Opik’s MCP server

Opik’s MCP server allows you to integrate your IDE with Opik not just for prompt management bit also to access and analyze traces.

Setting up the MCP server

To integrate with Cursor IDE, open to the Cursor settings page and navigate to the Features tab. If you scroll down to the MCP section you will see the button + Add new MCP server that will allow you to add the Opik MCP server.

Once the New MCP server modal is open, select command as the server type and enter the command: npx -y opik-mcp --apiKey YOUR_API_KEY.

Once the MCP server is available, you not test it out by asking Cursor: What is the latest trace available in Opik ?

If you are using a self-hosted version of Opik, you will need to specify the argument apiBaseUrl while removing the --apiKey argument: npx -y opik-mcp --apiBaseUrl http://localhost:5173/api

Using the MCP server

The Opik MCP server includes a number of different tools that include project management, querying prompts and traces and fetching project metrics. We will focus here on querying prompts and traces as this is the most common way of using the Opik MCP server.

Prompt management

You can access and save Opik prompts using the MCP server. You can do this by asking questions such as:

What prompts are available in the Opik prompt library ?

What is the most recent version of the “demo” Opik prompt ?

Save the following text as a new prompt in Opik called “example prompt”

Managing traces

You can access traces stored in Opik from the MCP server, this is especially useful if you want to analyze traces stored in Opik to determine how to improve your agent or LLM chain.

To get started, you can ask questions such as:

What was the output of the most recent traces in Opik ?

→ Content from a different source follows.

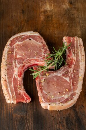 Il nostro bistecche di maiale non è altro che un’eccellente rivisitazione del taglio classico della braciola… Viene ottenuto lasciando attaccato alla stessa, la fetta di pancetta e la cotenna. Dopo averlo tagliato nella giusta misura, viene condito con sale ed aromi naturali. La presenza dell’osso, delle fasce muscolari e del grasso adiacente, mantengono la parte centrale morbida e gustosa, rendendo il bisteccone un prodotto gustoso… Facilissimo da preparare, pronto per essere messo a cuocere! I nostri clienti preferiscono cuocerlo sulla griglia.

How many traces have been logged to the “demo data” Opik project ?

You can also go one step further and use the traces logged to Opik to improve your prompts. One technique that works well involves first fetching traces and then asking the LLM to suggest an improvement based on these traces. while how to achieve this can vary from MCP client to MCP client, the following questions have worked well:

Based on the 10 most recent traces stored in the “demo data” Opik project, suggest some improvements to the orchestrator prompt.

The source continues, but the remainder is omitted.